The compiler is unable to reorder code efficiently across branches. Within a basic block (that is, a block of code that is executed sequentially, with no branches, one entry point and one exit), it can reorder instructions as it likes, as long as the meaning of the code is preserved, because they'll all be executed sooner or later. Across branches, it gets trickier. We could move these instructions down to execute after this branch, but then how do we guarantee they get executed? Put them in both branches? That's extra code size, that's messy too, and it doesn't scale if we want to reorder across more than one branch.
Branches can still be expensive, even with the best branch prediction. Not just because of mispredicts, but because instruction scheduling becomes so much harder.
This also implies that rather than the number of branches, the important factor is how much code goes in the block between them. A branch on every other line is bad, but if you can get a dozen lines into a block between branches, it's probably possible to get those instructions scheduled reasonably well, so the branch won't restrict the CPU or compiler too much.
But in typical code, branches are essentially free. In typical code, there aren't that many branches clustered closely together in performance-critical code.
"(For the sake of the discussion, assume that I am beyond the "early-optimization is the root of all evil" phase)"
Excellent. Then you can profile your application's performance, use gcc's tags to make a prediction and profile again, use gcc's tags to make the opposite prediction and profile again.
Now imagine theoretically a CPU that prefetches both branch paths. And for subsequent if statements in both paths, it will prefetch four paths, etc. The CPU doesn't magically grow four times the cache space, so it's going to prefetch a shorter portion of each path than it would do for a single path.
If you find half of your prefetches being wasted, losing say 5% of your CPU time, then you do want to look for a solution that doesn't branch.
If we're beyond the "early optimization" phase, then surely we're beyond the "I can measure that" phase as well? With the crazy complexities of modern CPU architecture, the only way to know for sure is to try it and measure. Surely there can't be that many circumstances where you will have a choice of two ways to implement something, one of which requires a branch and one which doesn't.
Not exactly an answer, but you can find here an applet demonstrates the finite state machine often used for table-based branch-prediction in modern microprocessors.
It illustrates the use extra logic to generate a fast (but possibly wrong) estimate for the branch condition and target address.
The processor fetches and executes the predicted instructions at full speed, but needs to revert all intermediate results when the prediction turns out to having been wrong.
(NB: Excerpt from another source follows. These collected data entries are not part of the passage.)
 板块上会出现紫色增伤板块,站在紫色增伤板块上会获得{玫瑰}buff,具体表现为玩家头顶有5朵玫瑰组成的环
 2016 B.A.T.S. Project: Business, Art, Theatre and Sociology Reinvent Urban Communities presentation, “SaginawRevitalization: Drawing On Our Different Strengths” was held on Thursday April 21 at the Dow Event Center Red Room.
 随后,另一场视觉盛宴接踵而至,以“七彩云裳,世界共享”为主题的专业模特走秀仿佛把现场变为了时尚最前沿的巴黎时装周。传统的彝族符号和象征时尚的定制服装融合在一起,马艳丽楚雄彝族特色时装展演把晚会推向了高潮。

Yes, branch prediction really can be a performance issue.
This question (currently the highest-voted question on StackOverflow) gives an example.
My answer is:
The reason AMD has been as fast or better than Intel at some points is the past is simply that they had better branch prediction.
If your code has no branch prediction, (Meaning it has no branches), then it can be expected to run faster.
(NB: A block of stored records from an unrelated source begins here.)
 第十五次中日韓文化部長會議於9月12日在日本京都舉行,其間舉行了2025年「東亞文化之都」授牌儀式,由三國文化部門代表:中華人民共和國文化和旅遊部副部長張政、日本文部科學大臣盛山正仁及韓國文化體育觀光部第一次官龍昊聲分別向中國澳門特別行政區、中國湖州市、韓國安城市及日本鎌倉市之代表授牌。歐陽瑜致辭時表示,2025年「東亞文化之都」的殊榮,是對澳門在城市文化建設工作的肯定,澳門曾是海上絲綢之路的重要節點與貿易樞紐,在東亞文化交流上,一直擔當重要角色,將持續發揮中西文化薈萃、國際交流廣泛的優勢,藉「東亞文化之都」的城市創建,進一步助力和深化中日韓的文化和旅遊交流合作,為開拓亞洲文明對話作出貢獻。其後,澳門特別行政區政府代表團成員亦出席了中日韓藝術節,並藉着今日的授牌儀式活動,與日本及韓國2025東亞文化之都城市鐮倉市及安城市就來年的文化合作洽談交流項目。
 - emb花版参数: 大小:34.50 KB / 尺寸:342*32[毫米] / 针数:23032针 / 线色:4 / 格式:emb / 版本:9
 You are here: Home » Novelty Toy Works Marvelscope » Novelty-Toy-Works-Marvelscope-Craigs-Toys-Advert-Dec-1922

So, conclusion: avoid branches if they're not necessary. If they are, try to make it so that one branch is evaluated 95% of the time.
One thing I recently found (on a TI DSP) is that trying to avoid branches can sometimes generate more code than the branch prediction cost.
I had something like the following in a tight loop:
if (var >= limit) { otherVar = 0;}
I wanted to get rid of the potential branch, and tried changing it to:
otherVar *= (var<limit)&1;
But the 'optimization' generated twice as much assembly and was actually slower.